Kuebler D, Zhang H, Ren X, Tanouye M A
Department of Molecular and Cell Biology, Division of Neurobiology, University of California, Berkeley, CA 94720, USA.
J Neurophysiol. 2001 Sep;86(3):1211-25. doi: 10.1152/jn.2001.86.3.1211.
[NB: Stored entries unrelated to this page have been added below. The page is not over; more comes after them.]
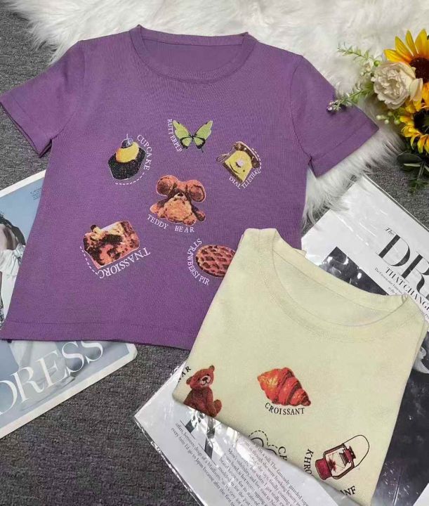 夏季新款网红复古冰丝印花针织短袖,独立包装,均码面...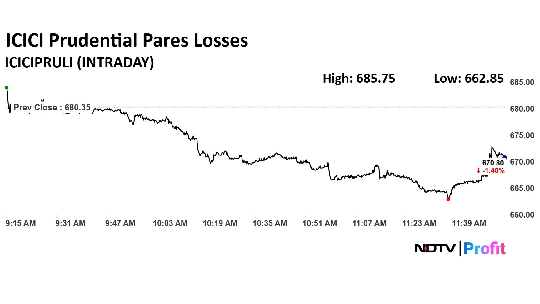 ICICI Prudential Life Insurance share price declined 2.57% to Rs 662.82 apiece. After the business update, the share price pared losses to trade 1.2% lower at Rs 671.4 apiece as of 12:15 p.m., as compared to a 0.43% decline in the NSE Nifty 50.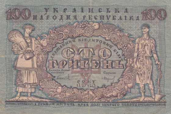 Георгий Нарбут. Денежная купюра номиналом сто гривен Украинской Народной Республики. 1918 — На мой взгляд, красной нитью через всю книгу — говоришь ли ты о начале XX века или о начале XXI — проходит идея борьбы с российским и советским наследием: «бывшая метрополия, борьба с колониальным прошлым»... Это главная идея работы?
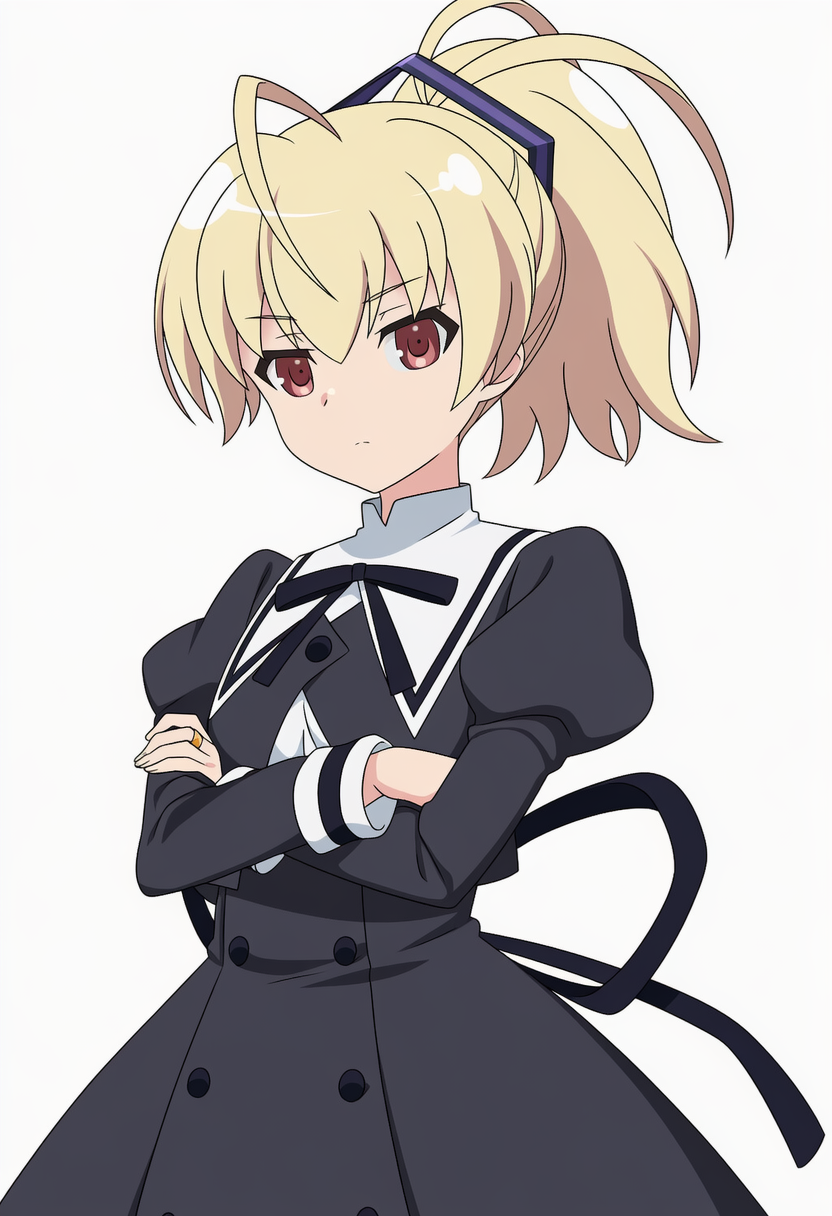| {{sanguu mitsuba}}, owari no seraph, twintails, purple eyes, blonde long hair, military uniform, black dress, short dress, sleeves rolled up, red bow, pleated skirt, black short skirt, white gloves, simple background, white background, ,1girl, solo, ,cowboy shot,,from front, facing the front, looking at viewer, straight-on, close to viewer, year 2023,,very aesthetic, best quality, amazing quality, ,curated, illustration, highly detailed, | 終わりのセラフ | 三宮三葉 | ![]() | 編集 |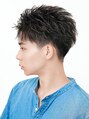アップバングにソフトツイストフェザーを加えた男らしいスタイル。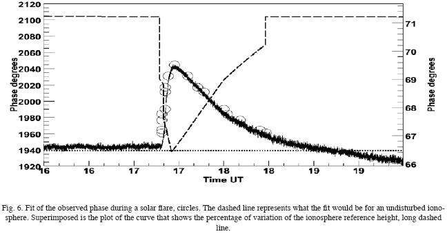 Transient signatures of solar flares, occurring when the low ionosphere is ionized because of the sudden entry of solar Xray photons can be identified and modelled. Typically a rapid phase advance is observed, which progressively decreases until it reaches its nominal value for an unperturbed ionosphere. This behaviour can be modelled assuming that the Dregion conductivity changes as to lower its reference height, followed by a less rapid reestablishment of its unperturbed configuration as the flare vanishes. In Fig. 6 it is plotted the data along with the fit for a solar flare observed at Piura, Peru. Clearly the fitted points (circles) reproduce the data very satisfactorily. The parameter H is shown as a percentage relative to a reference height; its variation inversely follows that of the flare as expected. The parameter β was held constant.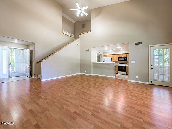 Welcome to this multi-level townhouse located in the heart of Flagstaff! This 3 BD, 2.5 BR home offers a spacious living room with shared space for a dining nook. Enjoy your morning coffee or evening cocktails on your own private deck, overlooking a fully fenced backyard - perfect for your furry friends to run and play. The great room on the main level features vaulted ceilings, a large living room, and a kitchen with all the amenities. Upstairs, you'll find the primary bedroom which includes a spacious closet, soaking tub, and separate shower. Two additional bedrooms are also located upstairs with a shared bathroom. This townhome boasts convenience, located near shopping, grocery stores, and NAU. Don't miss out on the opportunity to call this amazing townhouse your own. It'll go quickly!

Despite the frequency of seizure disorders in the human population, the genetic and physiological basis for these defects has been difficult to resolve. Although many genetic defects that cause seizure susceptibility have been identified, the defects involve disparate biological processes, many of which are not neural specific. The large number and heterogeneous nature of the genes involved makes it difficult to understand the complex factors underlying the etiology of seizure disorders. Examining the effect known genetic mutations have on seizure susceptibility is one approach that may prove fruitful. This approach may be helpful both in understanding how different physiological processes affect seizure susceptibility and in identifying novel therapeutic treatments. In this study, we have taken advantage of Drosophila, a genetically tractable system, to identify factors that suppress seizure susceptibility. Of particular interest has been a group of Drosophila mutants, the bang-sensitive (BS) mutants, which are much more susceptible to seizures than wild type. The BS phenotypic class includes at least eight genes, including three examined in this study, bss, eas, and sda. Through the generation of double-mutant combinations with other well-characterized Drosophila mutants, the BS mutants are particularly useful for identifying genetic factors that suppress susceptibility to seizures. We have found that mutants affecting Na+ channels, mle(napts) and para, K+ channels, Sh, and electrical synapses, shak-B(2), can suppress seizures in the BS mutants. This is the first demonstration that these types of mutations can suppress the development of seizures in any organism. Reduced neuronal excitability may contribute to seizure suppression. The best suppressor, mle(napts), causes an increased stimulation threshold for the giant fiber (GF) consistent with a reduction in single neuron excitability that could underlie suppression of seizures. For some other double mutants with para and Sh(KS133), there are no GF threshold changes, but reduced excitability may also be indicated by a reduction in GF following frequency. These results demonstrate the utility of Drosophila as a model system for studying seizure susceptibility and identify physiological processes that modify seizure susceptibility.
尽管癫痫疾病在人群中很常见,但这些缺陷的遗传和生理基础一直难以确定。虽然已经发现了许多导致癫痫易感性的遗传缺陷,但这些缺陷涉及不同的生物学过程,其中许多并非神经特异性的。所涉及基因的数量众多且性质各异,这使得理解癫痫疾病病因背后的复杂因素变得困难。研究已知基因突变对癫痫易感性的影响是一种可能富有成效的方法。这种方法在理解不同生理过程如何影响癫痫易感性以及识别新的治疗方法方面可能都有帮助。在本研究中,我们利用果蝇这一具有遗传易处理性的系统来识别抑制癫痫易感性的因素。特别令人感兴趣的是一组果蝇突变体,即对撞击敏感(BS)的突变体,它们比野生型更容易发生癫痫。BS表型类别至少包括八个基因,本研究中检测了其中三个基因,即bss、eas和sda。通过与其他特征明确的果蝇突变体产生双突变组合,BS突变体对于识别抑制癫痫易感性的遗传因素特别有用。我们发现,影响钠离子通道的突变体mle(napts)和para、钾离子通道的Sh以及电突触的shak - B(2),可以抑制BS突变体中的癫痫发作。这是首次证明这些类型的突变能够抑制任何生物体中癫痫发作的发展。神经元兴奋性降低可能有助于抑制癫痫发作。最佳的抑制突变体mle(napts)导致巨纤维(GF)的刺激阈值升高,这与单个神经元兴奋性降低一致,而这可能是癫痫发作抑制的基础。对于其他一些与para和Sh(KS133)的双突变体,GF阈值没有变化,但GF频率降低也可能表明兴奋性降低。这些结果证明了果蝇作为研究癫痫易感性的模型系统的实用性,并确定了调节癫痫易感性的生理过程。